* [GIVEN DATA]:
+-------+
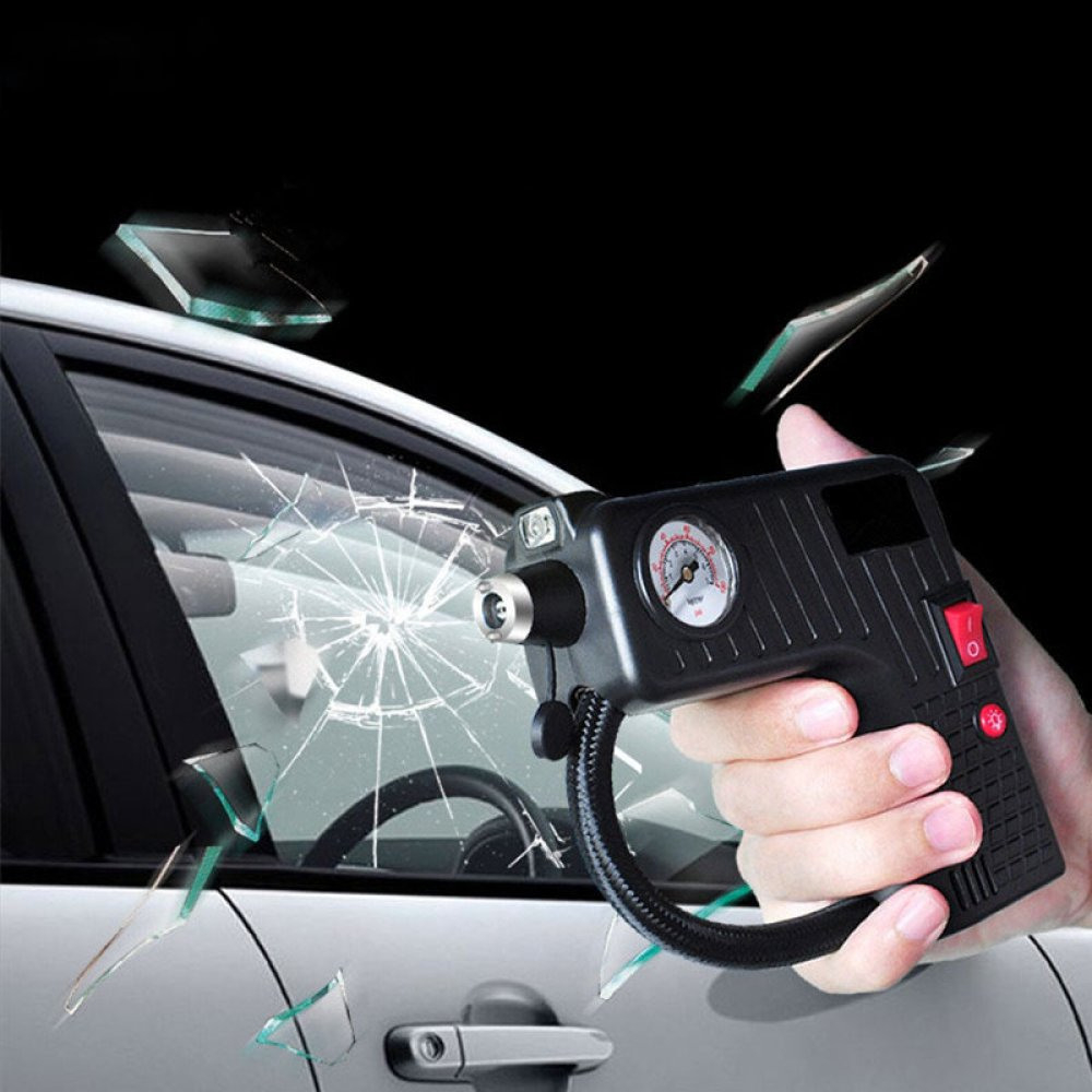 - 5 hlavních funkcí: rychlé huštění pneumatik-kompresor, tester tlaku v pneumatikách, kladívko rozbíječe oken, nouzový signál, svítilna
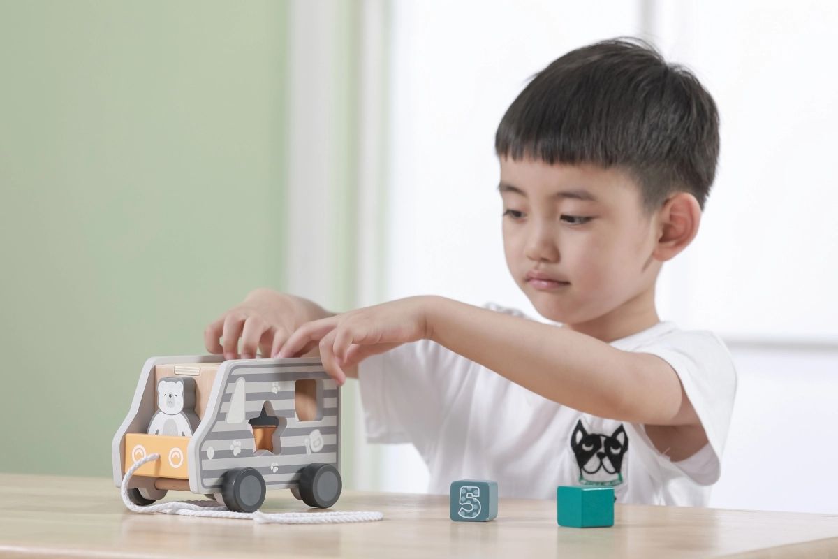 Drvena vučna igračka i umetaljka - kamion
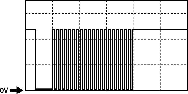 - Oscilloscope setting: 5 V/DIV (Y), 200 microsecond/DIV (X), DC range
+-------+
* [TASK DETAILS]: Leaving the pictures aside, transcribe the entire listing exactly.

* [EXERCISE RESULT]:
 - 5 hlavních funkcí: rychlé huštění pneumatik-kompresor, tester tlaku v pneumatikách, kladívko rozbíječe oken, nouzový signál, svítilna
 Drvena vučna igračka i umetaljka - kamion
 - Oscilloscope setting: 5 V/DIV (Y), 200 microsecond/DIV (X), DC range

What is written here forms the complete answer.